EXERCISE PROMPT:
Look below for the line that contains "이 아이콘을 통해 웨일 온에 접속할 수 있습니다. 회의 입장을 클릭합니다." and the line that contains "あたたかみのあるカラーと素材", then restate both of them and every line in between, exactly. No picture goes in the copy.

STUDY MATERIAL:
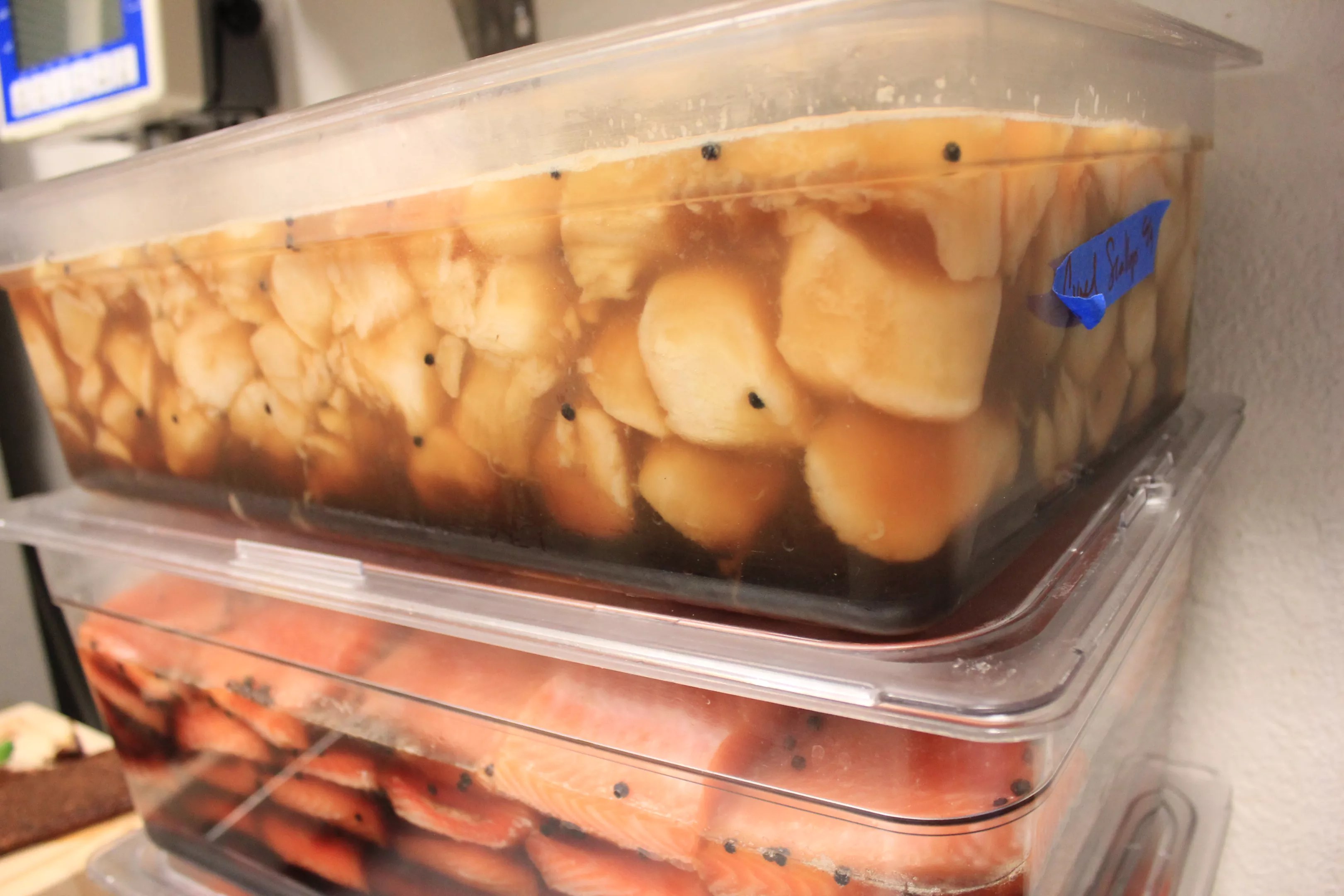 This is how the cure works: Sugar, salt, and black pepper go on the fish. The fish’s liquors and other essences are drawn out, pooling containers with liquid. The fish changes over time. Scallops get a day and a half (more delicate) and salmon gets up to four days (more aggressive).
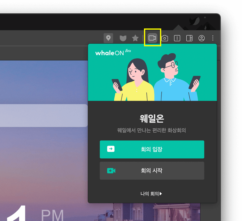 이 아이콘을 통해 웨일 온에 접속할 수 있습니다. 회의 입장을 클릭합니다.
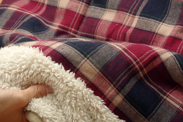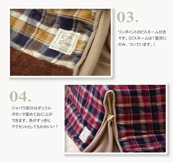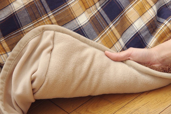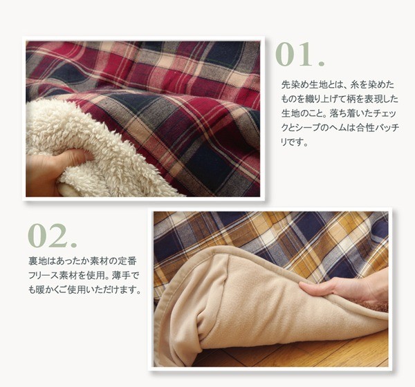 あたたかみのあるカラーと素材を使用したチェック柄のこたつ布団です。表地は綿100%です。綿はポリエステル素材に比べ静電気が起きにくく、繊維の中でも特に肌触りがよいのが特徴です。さらに糸を先に染色してから織る技法を採用しておりますので、プリントものや後から染色するものとは違う上質な雰囲気があります。裏地には軽くて保温性の高いフリースを使用しています。省スペースタイプで角が膨らまず、お部屋を広く使えます。薄手なので折りたたんでもかさばらず、コンパクトに収納できます。部分暖房のコタツは電気代もおトクです。
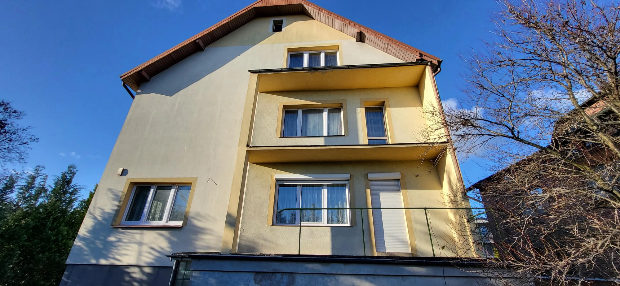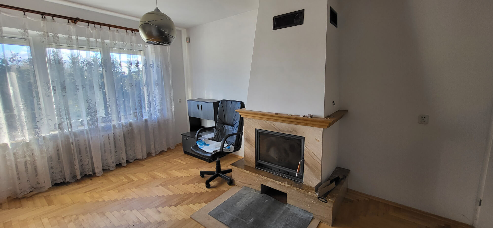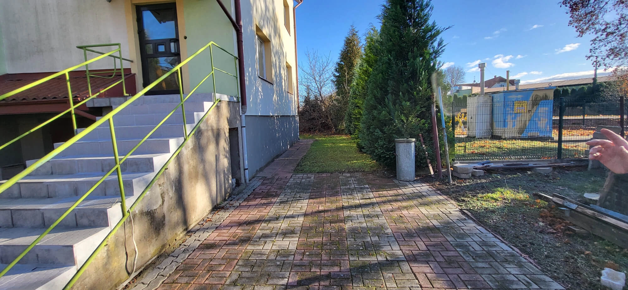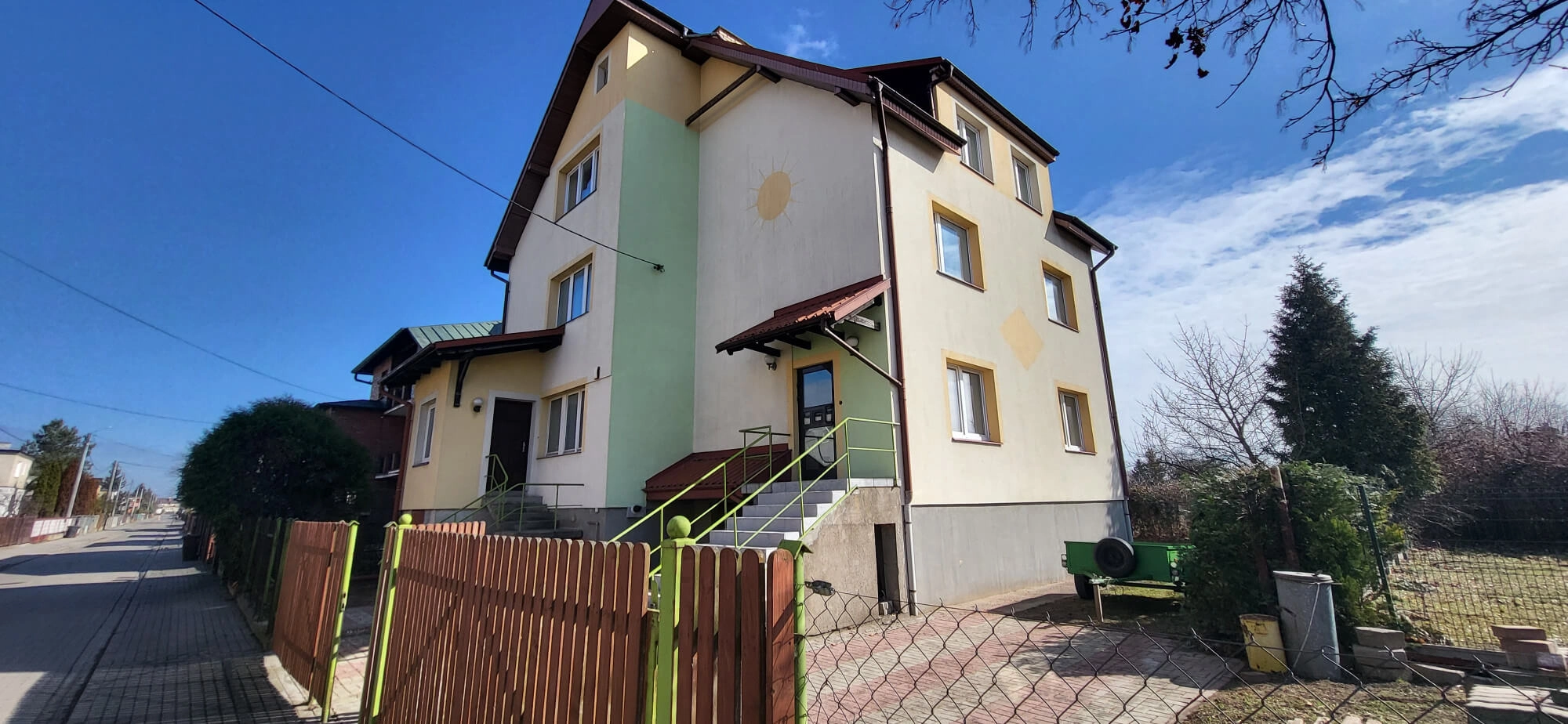 Dom zbudowany w 1998r. o pow. użytkowej 273,76m2. Dom jest w dobrym stanie, pokoje z drewnianą podłogą, schody dębowe, nowe okna, łazienki wymagają remontu. Dom ma dwa wejścia, jedno wejście do biura połączonego z domem, oraz osobne wejście do części mieszkalnej domu. Grube ściany domu wraz z nową termo izolacją.
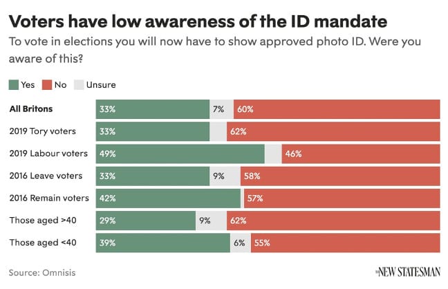 What reason could there be for forcing this legislation through parliament? A cynic could point out that there was a clear age split in party allegiance in the 2019 elections, with 67% of votes for the Conservatives coming from people aged 70+, and Labour votes coming from significantly lower age groups. The Resolution Foundation also highlights that low-income potential voters are six times less likely to have a photo ID than their wealthier counterparts.
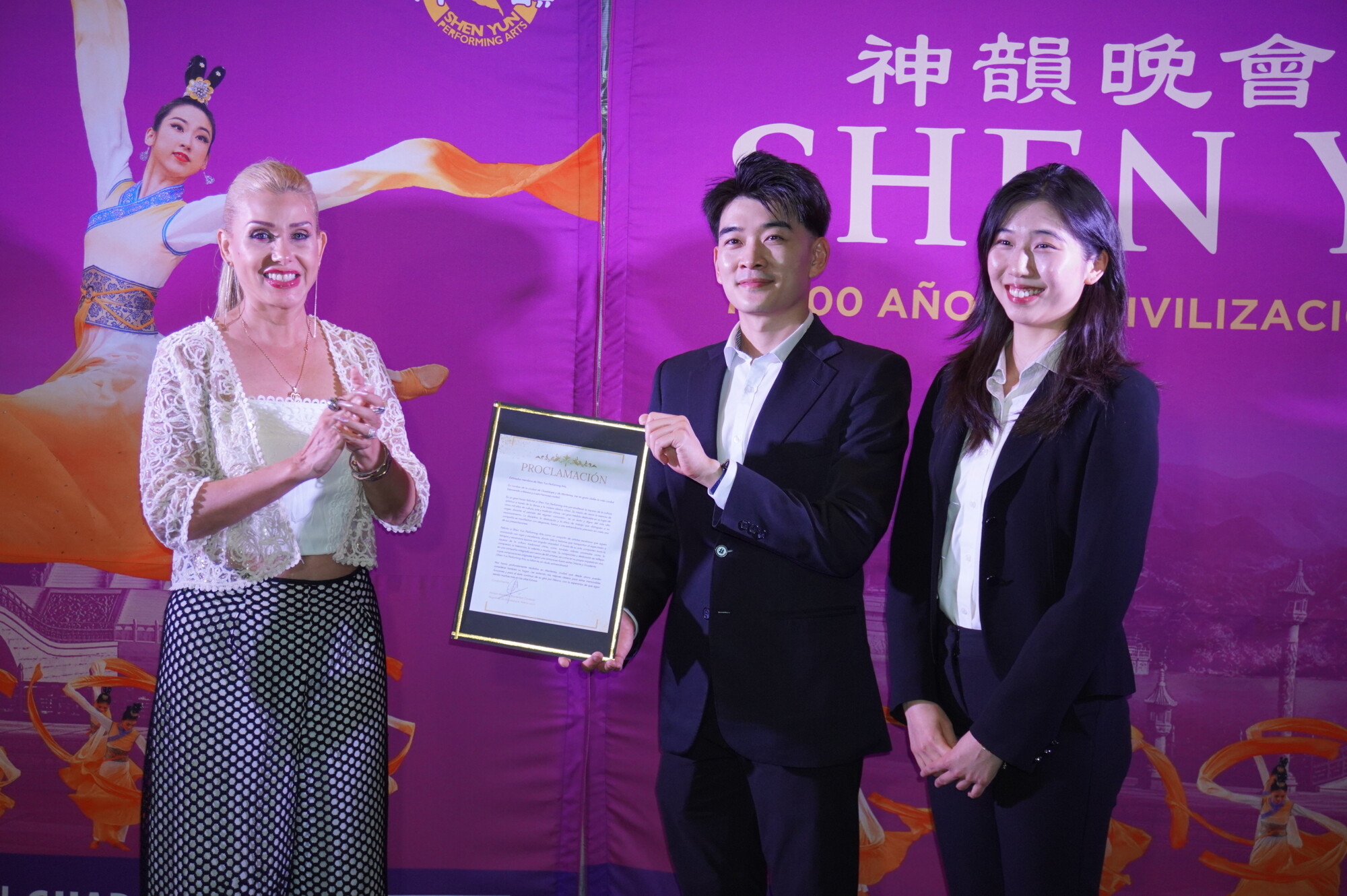 "Su misión de revivir la esencia de cinco mil años de cultura, arte y tradición chinos —en gran medida destruidos en su lugar de origen durante el periodo del régimen comunista— es un éxito y digno del más alto reconocimiento. La disciplina, la dedicación y la ética de trabajo que distinguen a su compañía se manifiestan con elegancia, fuerza y una extraordinaria precisión en cada una de sus presentaciones", dice la proclamación.

ANSWER SPACE:
 이 아이콘을 통해 웨일 온에 접속할 수 있습니다. 회의 입장을 클릭합니다.
 あたたかみのあるカラーと素材を使用したチェック柄のこたつ布団です。表地は綿100%です。綿はポリエステル素材に比べ静電気が起きにくく、繊維の中でも特に肌触りがよいのが特徴です。さらに糸を先に染色してから織る技法を採用しておりますので、プリントものや後から染色するものとは違う上質な雰囲気があります。裏地には軽くて保温性の高いフリースを使用しています。省スペースタイプで角が膨らまず、お部屋を広く使えます。薄手なので折りたたんでもかさばらず、コンパクトに収納できます。部分暖房のコタツは電気代もおトクです。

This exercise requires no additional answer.